Нет, нельзя. Она поняла теперь, чего он хотел. Все заповеди скромности и приличия, все остатки здравого смысла взывали в ней: осторожно! беги!
Она подняла лицо и почувствовала теплое, нежное прикосновение его губ. Какое же это счастье, когда к тебе прикасаются тепло и нежно. И… страстно? Его губы прикоснулись к ее губам легчайшим и кратчайшим из поцелуев. Наслаждение пронзило ее насквозь. Ее охватило его теплом. Ее губы раскрылись в беззвучном вздохе, и на мгновение поцелуй стал глубже, завладел ею целиком и вдруг окончился, прежде чем она смогла поверить, что это происходит на самом деле. Последняя ласка овеяла уголок ее рта – и он отступил, освобождая ее.
Глаза ее широко распахнулись, ресницы затрепетали. Она даже не поняла, что закрывала глаза. Он был все еще близко, достаточно близко, чтобы Верити могла видеть, как пульсирует тонкая жилка на его горле.
Его голос, спокойный и мягкий, произнес:
– Возможно, так будет понятнее.
Она только кивнула, уверенная, что ее голосу не хватит дыхания. А потом удивилась, почему кивнула так, будто ей действительно стало понятнее. Да нет, она только запуталась еще больше. Как он может говорить так равнодушно? Он ведь поцеловал ее, да так, что ее голова закружилась. Она мрачно напомнила себе про леди Монкриефф. Он привык к красивым женщинам. Женщины, которые знают, как… как угодить мужчине, что бы это ни означало. Так закружилась ли его голова? Почему он вообще поцеловал ее? Он не мог хотеть ее. А если?..

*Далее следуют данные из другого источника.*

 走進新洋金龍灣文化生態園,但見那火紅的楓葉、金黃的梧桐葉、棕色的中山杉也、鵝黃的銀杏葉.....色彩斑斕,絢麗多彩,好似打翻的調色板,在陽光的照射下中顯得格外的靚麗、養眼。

– Ну, Селина? Теперь вы понимаете? Не для каждого места требуются рекомендации. И я могу заверить вас, что был бы куда более ласковым любовником, чем Годфри Фарингдон.

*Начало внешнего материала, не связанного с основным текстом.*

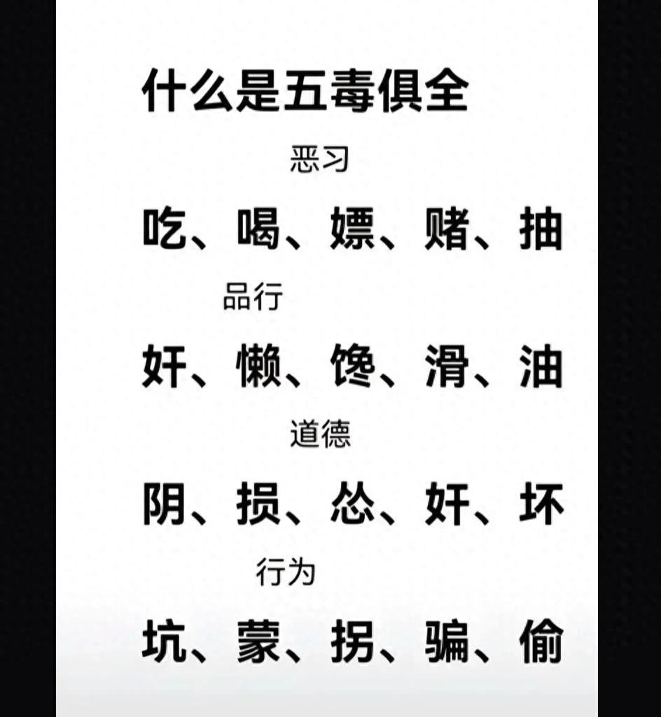 其实,人无完人,谁都可能有缺点,但要是真“五毒俱全”,那可就太糟糕了。不过,人是会变的,就算有这些问题,只要真心想改,从点滴做起,去克服恶习,修正品行,提升道德,规范行为,还是有机会走上正轨的。毕竟,浪子回头金不换呀,大家觉得呢 ?

Напряжение вновь ее скрутило. Осторожно, медленно она шагнула назад, чувствуя на себе его неотступный взгляд, готовая к тому, что в любое мгновение он опять ее схватит, заключит в свои объятия. Мужчины на самом деле не просят. Мужчины берут.

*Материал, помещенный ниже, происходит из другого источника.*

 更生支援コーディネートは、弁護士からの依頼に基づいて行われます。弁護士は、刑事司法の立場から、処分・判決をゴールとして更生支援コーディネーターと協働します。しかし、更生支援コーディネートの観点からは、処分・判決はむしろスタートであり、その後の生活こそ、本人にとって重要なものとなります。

– Я… мне не следует быть здесь, милорд. Пожалуйста, простите меня.
Макс выругался. Она ему отказала. Без колебаний. А ведь здесь она жила как в аду. С ней обращались как с рабыней. Как можно предпочесть эту пытку связи с ним – связи благоразумной и хорошо оплачиваемой? Очевидно, она не низкого происхождения. Ее речь не похожа на речь служанки. Может быть, его предложение просто потрясло ее.
После того, что Годфри, без сомнения, с ней сделал? Он медленно пошел к двери.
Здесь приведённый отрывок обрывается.